Al leer las novelas de Coetzee uno tiene a menudo la sensación de que no se aprovechan
todas las posibilidades externas que ofrece el relato, uno percibe más bien que la novela
se lanza directa e implacable hacia un centro oscuro e incierto donde coexisten, por así decirlo,
varios modos de ser de lo literario. Lo ético, lo existencial, lo específicamente
literario, lo casi inefable, se unen allí en un sistema de sistemas mediante una simbiosis
tan perfecta que resulta difícil separar unos de otros.
A partir del capítulo 13, la Costello se inmiscuye más y más en la historia
(para desesperación del pobre Paul) y a través de sus conversaciones empezamos
a entrever lo que ocurre en parte; Paul, como personaje principal, se ha estancado, está hundido
en la inactividad, y Elizabeth ha tenido que intervenir directamente en la acción de
la novela para espolearle a la acción. Resulta curioso que los ejemplos de individuos
de acción que le propone sean Don Quijote y Emma Bovary, que son personajes literarios
y que nunca hubieran salido de su inactividad de no ser por la enfermedad de la literatura.
De modo que Paul, sacudido por su amor hacia Marijana, se ve atrapado entre la entrometida escritora
y Marijana y su familia, que consta de un marido celoso, dos hijas y un hijo, Drago, sobre
el cual Paul vuelca su insatisfecho sentimiento de paternidad, además de sentir la molesta
y continua sensación de que está siendo observado por personas invisibles y,
en el fondo, indiferentes a su destino (y ésos somos nosotros).

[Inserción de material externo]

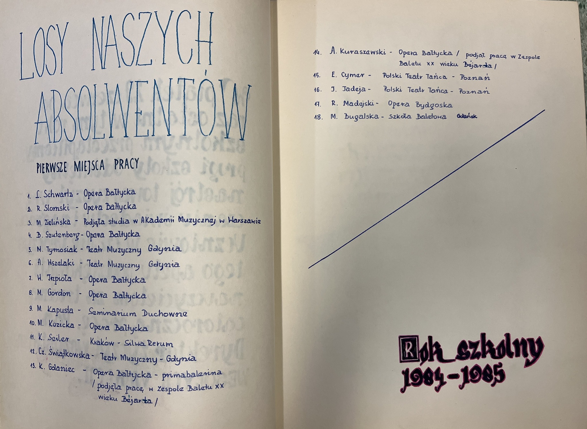 Teraz wracamy do absolwentów: Marek Kapusta również wrócił do szkoły. W zaskakującej roli – został księdzem i uczył przez kilka lat religii. Joanna Semeńczuk po dyplomie wyjechała co prawda z Gdańska, ale wróciła nad morze i pracuje „po sąsiedzku”, jest kierownikiem baletu w Teatrze Muzycznym im. Danuty Baduszkowej w Gdyni.

Y poco a poco, a medida que la novela avanza, todo parece estancarse más y más,
y Elizabeth parece cada vez más extrañamente enferma, más abatida, hasta
que casi parece estar muriéndose ante nuestros ojos, y Paul está cada vez más
frustrado, y sospechamos que quizá su problema es que él desea ser tan solo
un personaje secundario y es obligado una y otra vez a adoptar el papel de protagonista.
Quizá el modelo del personaje de Paul esté, tanto para J.M. Coetzee como para su alter
ego Elizabeth Costello, en el mono parlante Pedro el Rojo, del relato de Kafka “Un informe
para una academia”. Un animal tullido al que se ha obligado a representar un papel que no
le corresponde y que es expuesto a los ojos de extraños como una curiosidad, como un experimento.
El relato de Kafka era usado por Costello como ilustración para su conferencia acerca del
realismo literario en el primer capítulo de Elizabeth Costello, novela de la cual emana,
en más de un sentido, esta espléndida última fábula de uno de los más
fascinantes narradores del nuestros días.